In this sense, Korean people are quite offended with the term “Chinese New Year” widely used in Australia.

Rather, they are of a strong view that Lunar New Year is the most proper description of the occasion as it has been celebrated by the both countries including some other Asian countries.

In this sense, the Korean communities in Australia have been campaigning for the proper designation of the terms.

Seollal usually lasts for 3 days in Korea: the day of, the day before, and the day after. This year (2018), Seollal falls on 16th of February.

Seollal is more than just a holiday to mark the beginning of the New Year.
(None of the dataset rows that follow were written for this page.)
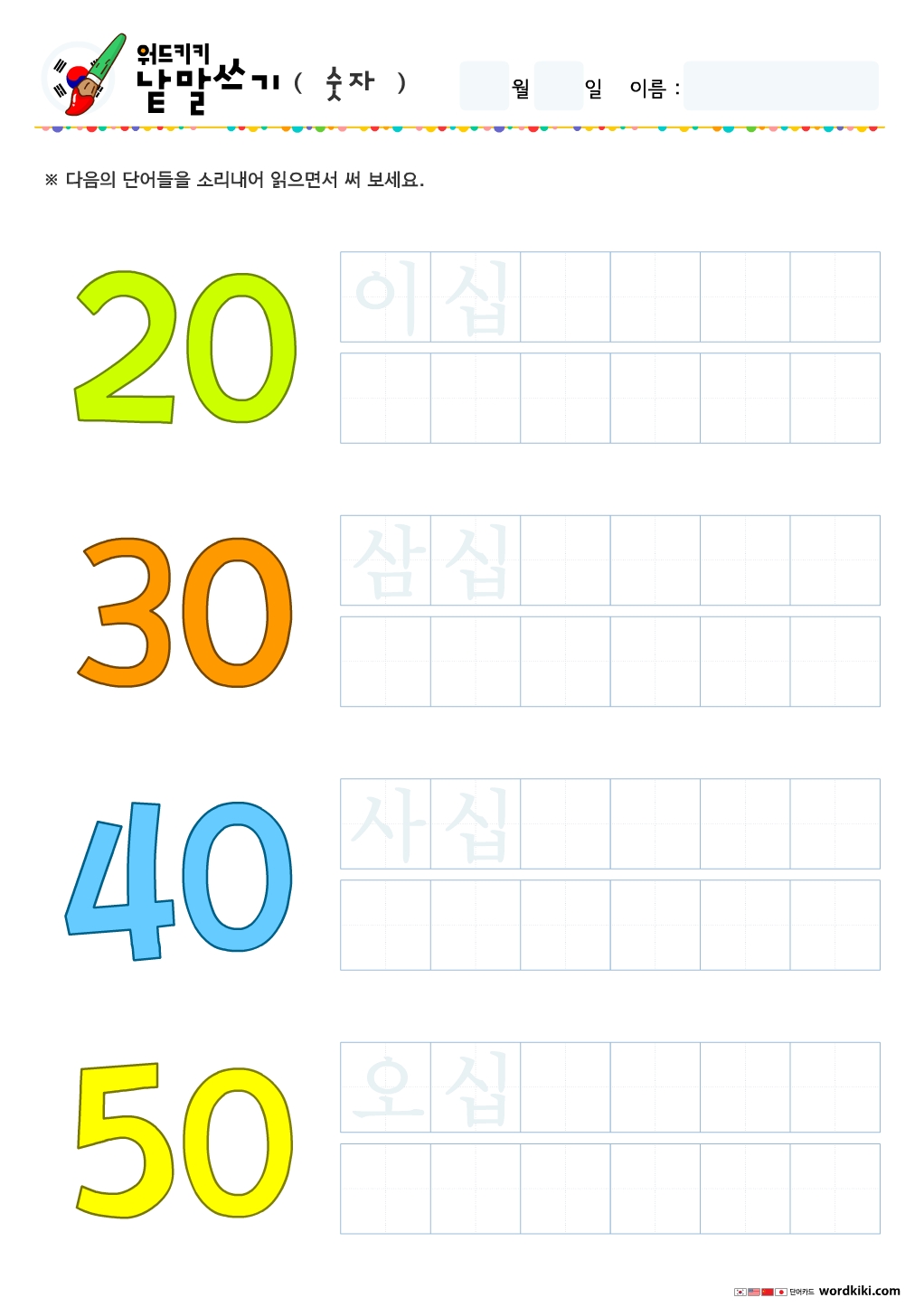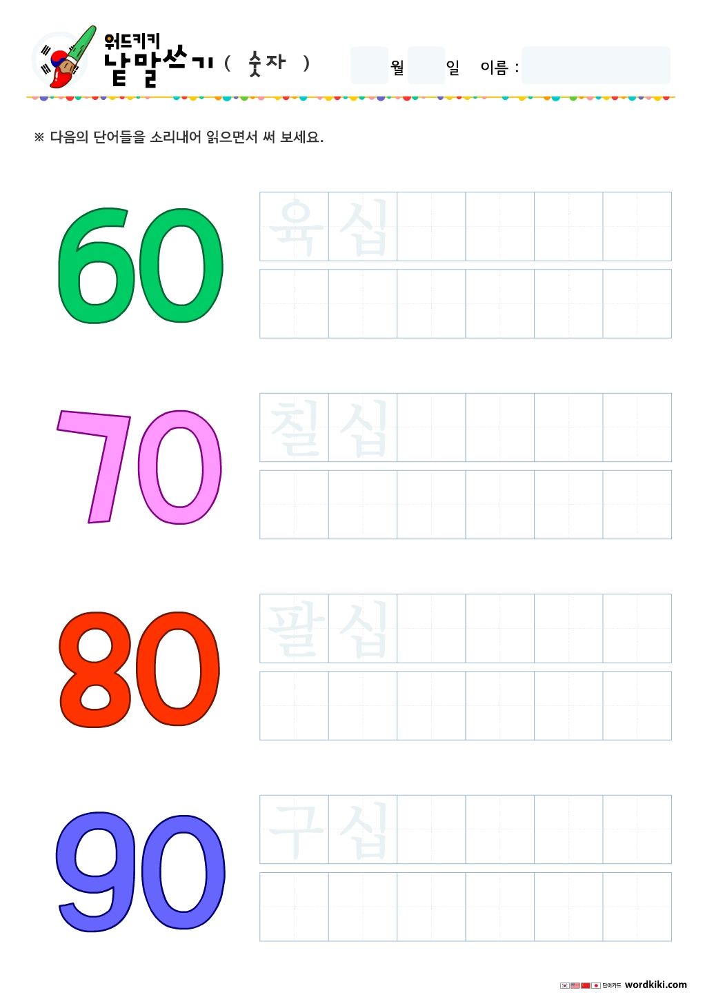 | [한글단어쓰기 10장] 04-1 한국어 숫자 단어쓰기 (큰글자) – 숫자 10 부터 100까지 (0) | 2024.05.22 |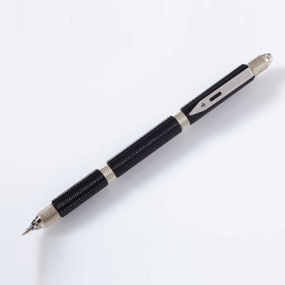 Ce stylo a vraiment tout ce qu’il faut ! À première vue il s’agit d’un stylo-bille ordinaire – mais quand on tourne le STYLO-OUTIL 11 EN 1 à l’un des 3 endroits prévus à cet effet, il libère tout une gamme d’accessoires utiles. Insérez l’outil désiré au bout du stylo et ce dernier est prêt à l’emploi. 11 embouts différents permettent de faire face à toutes les situations : resserrez les branches de vos lunettes avec le tournevis, coupez le fil électrique avec le dénudeur de câble, ou enlevez une écharde avec la pincette pratique. Et quand vous avez terminé, résolvez tranquillement une grille de mots croisés avec la mine de stylo. Longueur : env. 14 cm, Ø = env. 1 cm. Un stylo à tout faire !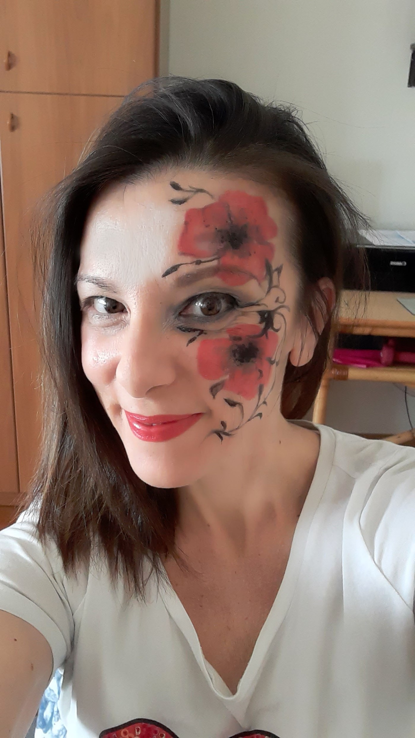 Questi sono giorno difficili per tutti, non starò qui a dilungarmi su una situazione tragica che stiamo vivendo tutti in maniera forte e prepotente. Sappiamo benissimo che tutti dobbiamo dare il nostro contributo STANDO A CASA, non uscire solo se strettamente necessario per salvaguardare la salute nostra e degli altri. Quindi dobbiamo trovare svaghi e cose da fare per occupare le nostre giornate, e cercare di regalarci momenti di leggerezza e di gioia il più possibile. Io nell’ordine ho iniziato a fare le pulizie di primavera, lavoro a maglia, faccio ginnastica, cucino, leggo, disegno e scrivo, insomma cerco di tenermi impegnata più che posso! Ieri poi mi è venuta questa idea di dipingermi la faccia. Era da un pò di giorni che ci pensavo ma non sapevo realmente se avrei combinato un pasticcio! Poi ho preso coraggio e viaaaaa!!!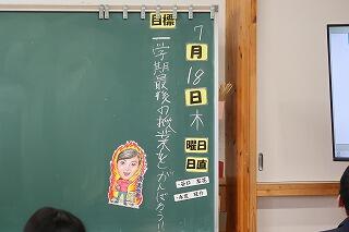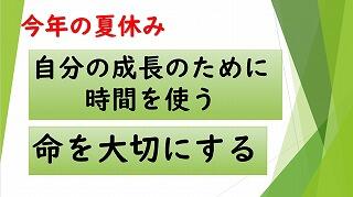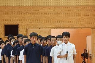1学期も残すところ明日、明後日の2日間となりました。昨日よりも日差しが強く、アブラゼミの音も大きくなってきました。今朝の「あいさつ運動」は1年1組でした。中学校に入学して初めて学級で行うあいさつ運動。7時30分から7時45分に生徒会活動として行っています。いつもより早い登校になった生徒もいたと思います。よく頑張りました。

Seollal is truly a special occasion for Korean people.

Not only is it a time for paying respect to ancestors, but also an opportunity to catch up with other family members and old friends at hometown.

Then it is not unusual to see people in beautiful Hanbok (traditional costume, the top image) performing ancestral rites or playing folk games, to eat delicious traditional foods, and to hear stories and chatters well into the night.

Food during Seollal is taken very seriously. Families spend the entire day before Seollal preparing food to be used as offering to ancestors as well as to be served to the family members.

The most representative food is Tteokguk (rice cake soup) other include Galbi Jjim (braised short ribs), Japchae, and Jeon(Korean pancake) etc.

Tteokguk(rice cake soup)


Galbi Jjim(braised short ribs)

Jeon(Korean pancake)

The morning of Seollal begins with an ancestral rite. Family members dressed in brand new Hanbok, gather in front of the ritual table, and set it with an ancestral tablet and dished of ritual food according to the strict custom of ancestral rites.

This practice used to be carried out only by male members of the family. In addition the tradition has been significantly eclipsed by the influence Christianity.

Once set, the rite begins with deep bows as greeting to the ancestor spirits and proceeds with offerings and prayers before ending with bidding farewell to the spirits.

Following the rite, everyone eats the ritual foods. Tteokguk (rice cake soup) is the main food of Seollal.

In fact the consumption of a bowl of Theokguk is believed to add a year to one age. People often ask each other, “How many servings of Tteokguk have you had?” as a fun way to ask each other’s age.

After the meal, the younger generations of a family pay respect to their elders by taking a deep bow, and by presenting with gifts.

The elders, then, offer their blessings and withes for a prosperous year, Children often receive Sebaetdon (New year’s special allowance) which is supposed to be kept in a traditional lucky pouch.